Jerry Quinn wrote:
dsimcha Wrote:
== Quote from Andrei Alexandrescu (seewebsiteforem...@erdani.org)'s
article
Walter and I have been discussing what the regime of
statically-sized arrays should be. In short, the behavior that's
most consistent with everything else is to treat them as values.
This also brings the problems of e.g. containers - should they
have consistent value semantics (like in STL)

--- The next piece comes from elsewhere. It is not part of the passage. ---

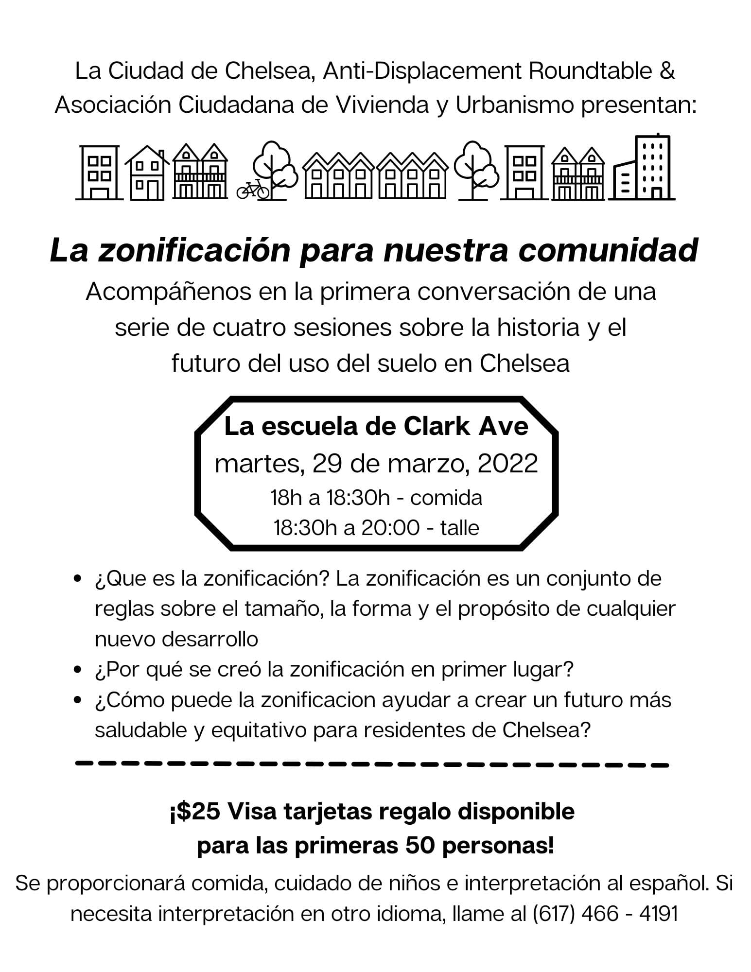 La ciudad se asoció con la Anti-Displacement Roundtable y la Citizens’ Housing and Planning Association (CHAPA) para ofrecer una Serie de Conversaciones Comunitarias de cuatro sesiones sobre sobre el desarrollo local.

Oh God no! I always thought the value semantics of STL containers
were largely a kludge to work around the fact that C++ doesn't have
garbage collection. They make it easier to use RAII for memory
management, since every object has a clear owner. This leads to
tons and tons of copying if code is written the obvious way, and
lots of kludges to prevent it.
On the other hand, for relatively small objects, the last thing I
want is to have everything be a reference. This is one of the major
flaws of Java, I think, from a memory efficiency standpoint. I'd
hate to have to have references to 16 byte objects if I don't need
the sharing behavior.
Having classes with reference semantics in D largely solves this
issue, doesn't it? Use a class when you have things that make sense
to share, and use structs for when it makes more sense to have
distinct copies.
That implies all structs should have copy semantics. I'm not sure
whether this is good or bad, I'm just saying :o).